I was hoping to migrate them manually from one instance to the other when the clone is confirmed working…
IIRC, the migration does a pgdump > pgrestore from one active database connection to the other. Going from one external postgres to another should be fine. Cloning the DB can be problematic if there are technical differences in the postgres server reading the DB vs the one that created it.
Your execution nodes will stay with the old instance. In your new instance, you may not need to “create” your nodes, but you will need to download the install bundles again and reprovision the nodes to connect to the new instance.

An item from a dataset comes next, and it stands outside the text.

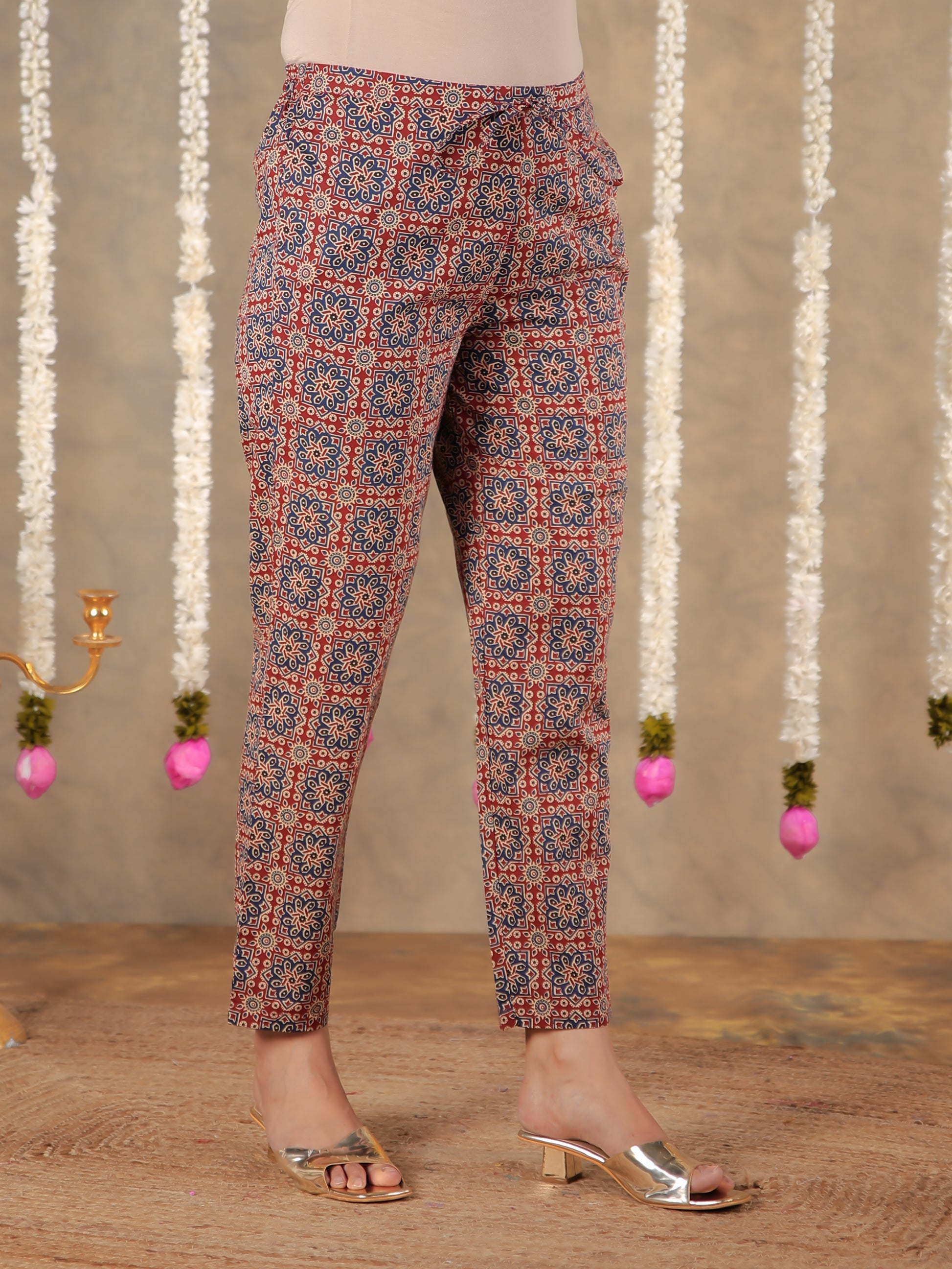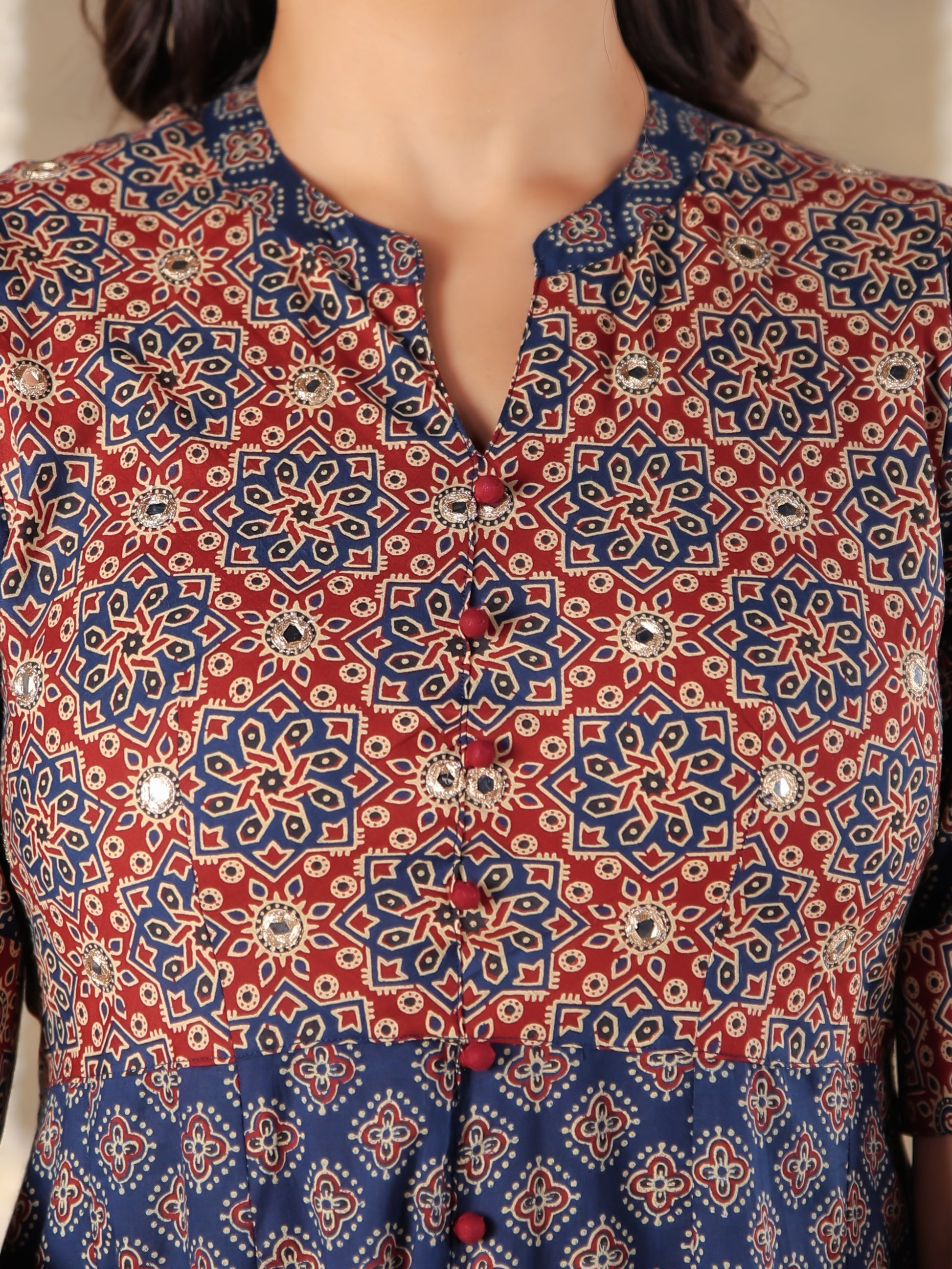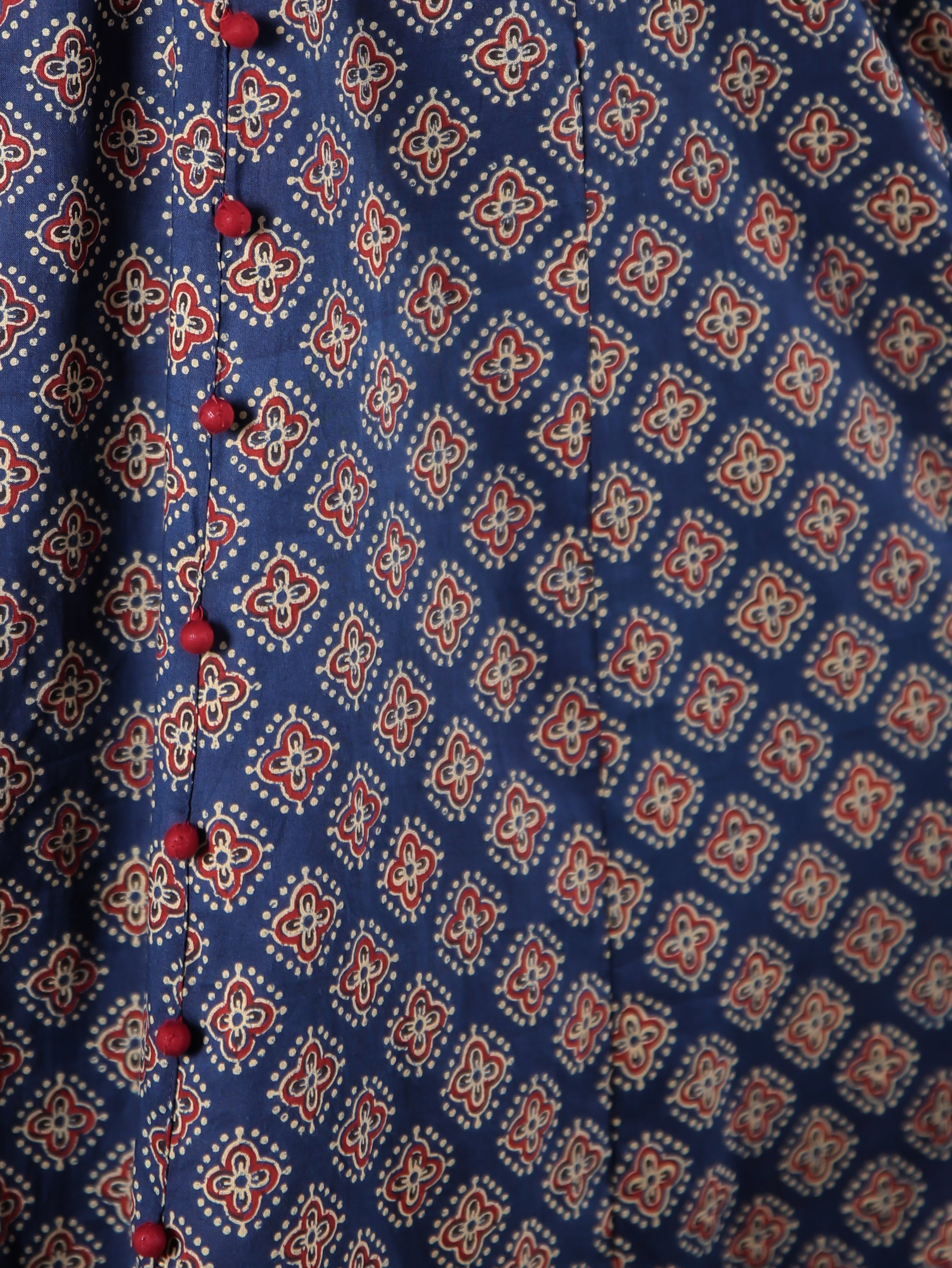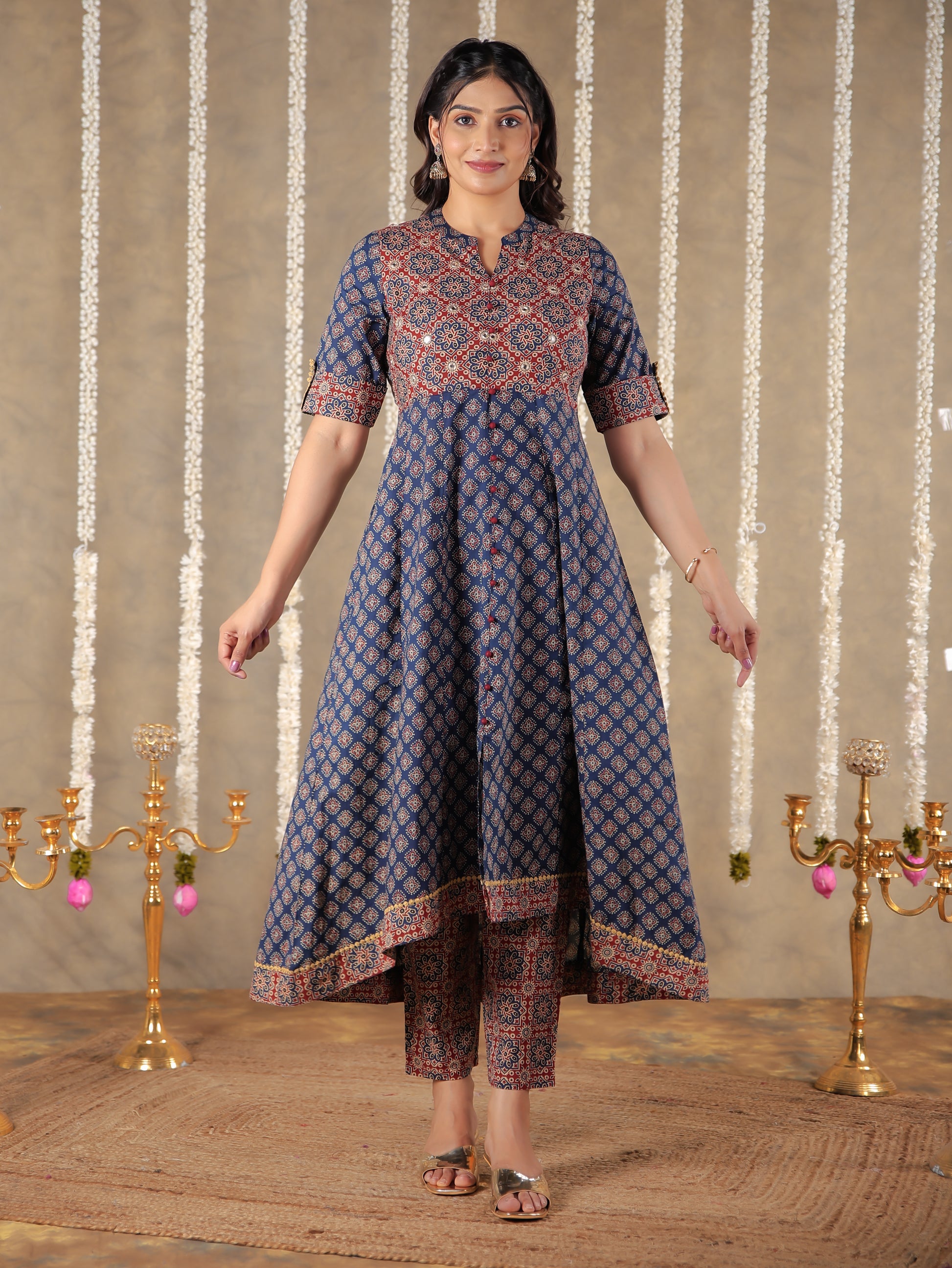 Embroidered Soft Cotton Ajrakh High Low Blue Kurta

Could you confirm that with the migration option both instances can run in parallel (in different NS)?
One more (last?) question: if the old secret and old-postgres-config are in another namespace (awx) and I want to deploy in a new namespace (awx2), when I create the AWX object for the migration and apply it to the “awx2” NS (where awx-operator runs as well, because I read it’s namespaced), will it get the secrets (key, broadcast and old-postgres) from the old “awx” NS?
No, I don’t think it works accross namespaces. What you can do is copy the secrets from the old namespace to the new namespace (same thing you would do if you were migrating from one cluster to another).
I think that should be fine. AWX recently upgraded from the docker postgres 13 image to the sclorg postgresql 15 image, and the upgrade process uses the same pgdump | pgrestore method.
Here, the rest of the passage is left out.